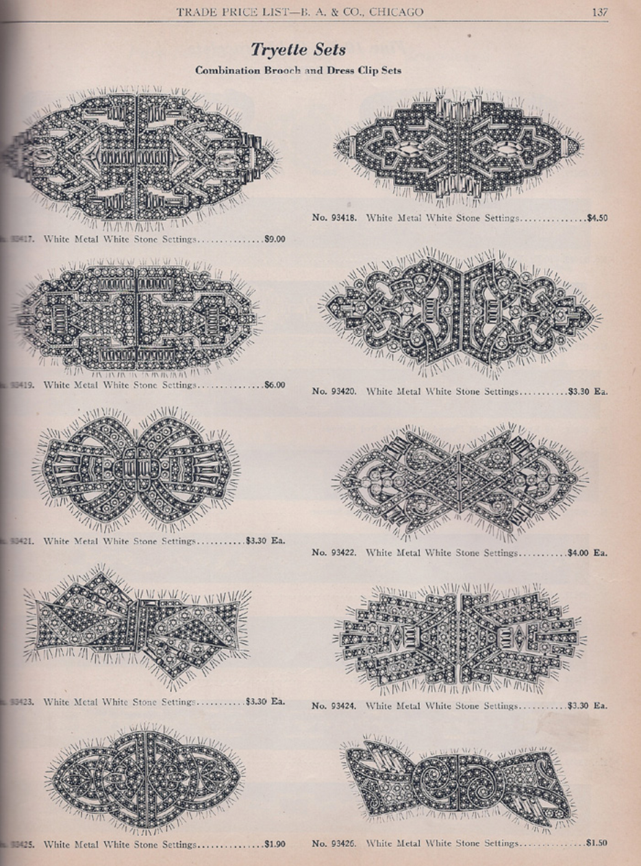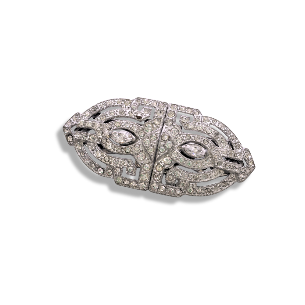 Diese außergewöhnliche Brosche in eleganter Navette-Form ist ein signiertes Original von Coro Duette – einem der innovativsten Konzepte in der Geschichte des Modeschmucks. Unter der Patentnummer 1852168 (eingetragen 1932) ließ sich Coro die Idee schützen, eine Brosche zu kreieren, die sich in zwei einzelne Reversclipse teilen lässt. So konnte ein Schmuckstück flexibel getragen werden – entweder als imposante Brosche oder als zwei raffinierte Clips, die an Revers, Kragen, Hüten oder sogar Schuhen befestigt wurden.
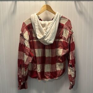 American Eagle | AE red cream buffalo check cropped flannel-sz L
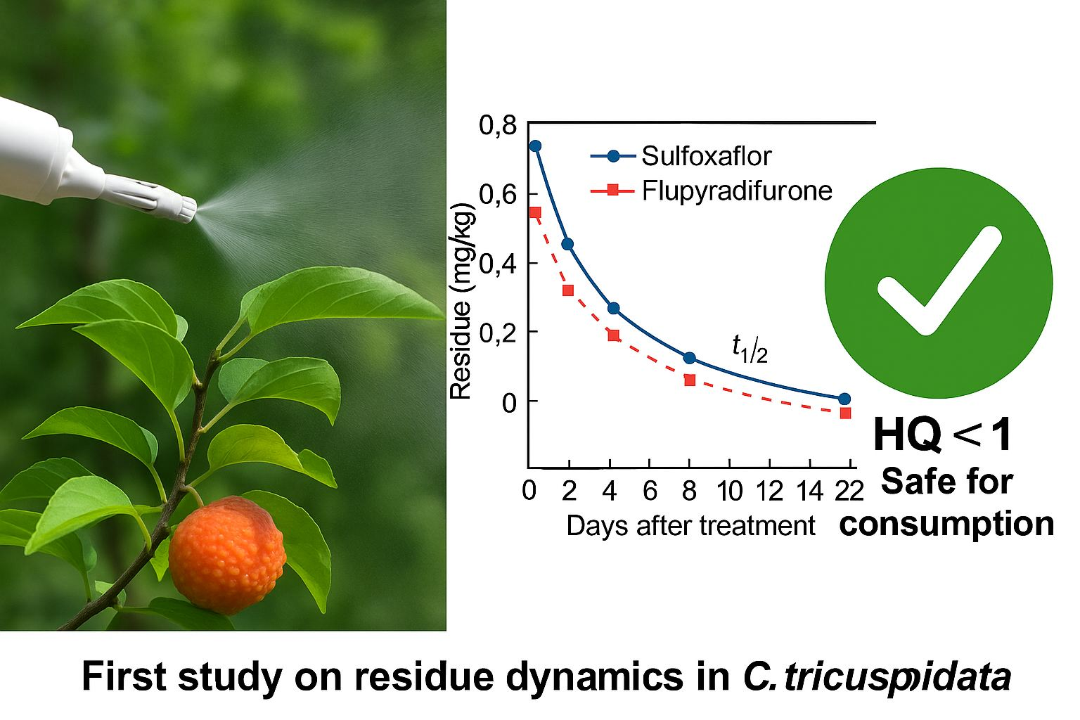 | Flupyradifurone | C. tricuspidata (fruit) | 7 | 14.02 | 0.412 (predicted) | This study |

* _Activity_: The whole listing above must be returned exactly as written, with no pictures carried over.

* _Task answer_:
 Diese außergewöhnliche Brosche in eleganter Navette-Form ist ein signiertes Original von Coro Duette – einem der innovativsten Konzepte in der Geschichte des Modeschmucks. Unter der Patentnummer 1852168 (eingetragen 1932) ließ sich Coro die Idee schützen, eine Brosche zu kreieren, die sich in zwei einzelne Reversclipse teilen lässt. So konnte ein Schmuckstück flexibel getragen werden – entweder als imposante Brosche oder als zwei raffinierte Clips, die an Revers, Kragen, Hüten oder sogar Schuhen befestigt wurden.
 American Eagle | AE red cream buffalo check cropped flannel-sz L
 | Flupyradifurone | C. tricuspidata (fruit) | 7 | 14.02 | 0.412 (predicted) | This study |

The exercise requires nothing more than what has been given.